Two reservoirs are built on the upper course of the Bílina. There are 180 bodies of water larger than 1 ha in the basin area. The largest of them is Lake Milada with an area of 252 ha.

==Environmental issues==
The big problem of the river is water pollution. In 2006, it was declared the dirtiest river in the Czech Republic. The river passes through the most industrial area of the country and, in addition to wastewater from industry, it also receives wastewater from surface mining of lignite and from households. Mercury, arsenic, organic substances and other pollutants appeared here. The main problem was the pollution that had accumulated from past decades. Paradoxically, in the upper course of the river, before it reaches the populated area, the water quality is at such a high level that it is suitable even for infants.

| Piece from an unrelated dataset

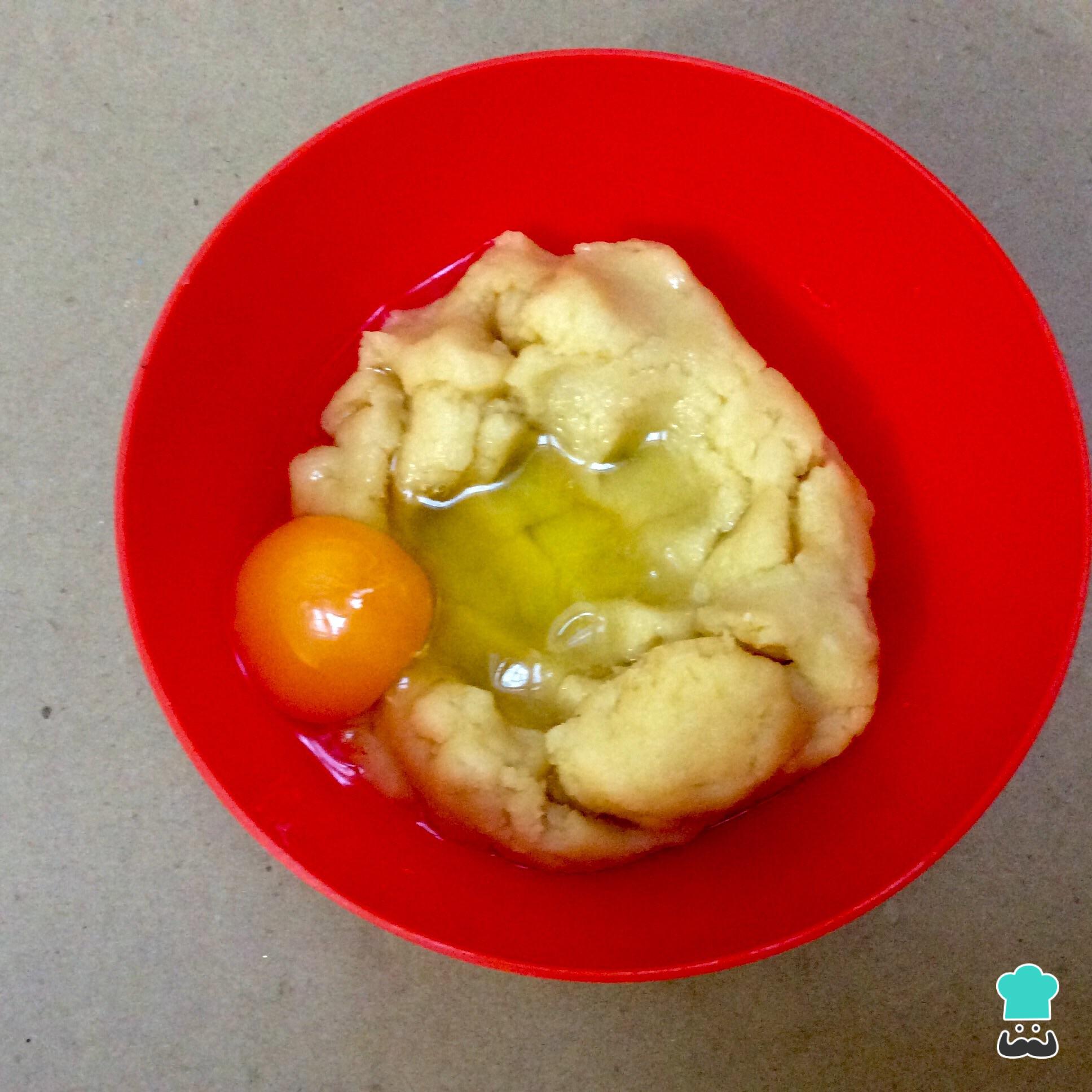 Cuando la masa esté muy fría agrega 2 huevos y bate muy bien, la mezcla para los buñuelos con crema pastelera debe quedar espesa y un poco pesada, pero no debe quedar líquida.

Although it has been considered the dirtiest Czech river for decades, the state of pollution improved significantly in the 2010s. The main source of pollution is the chemical factory Orlen Unipetrol in Litvínov. The occurrence of Enterococcus bacteria, indicating the discharge of faeces into the river, is also a problem. Mercury remains present in the sediments.

Coal mining has changed the course of the river, which was partially channeled by a long pipeline in the 1980s. In 2016, a section of the pipeline was replaced by a new riverbed. The rest of the pipeline, which is the Ervěnice Corridor with a length of 4.7 km, is planned to be replaced in 2025–2027. The plan is to construct meanders and pools, extend the flow path and reduce the slope of the bottom.

==Fauna==
The improvement of water purity led to the return of fish, and already in 2006 most of the species typical of Czech rivers were found in it, e.g. Eurasian carp, perch and common bream. New fish are introduced into the river twice a year.

==Tourism==
The Bílina is suitable for river tourism. About 50 km of the river is navigable. There are only few weirs on the river and the lower course is suitable even for less experienced paddlers.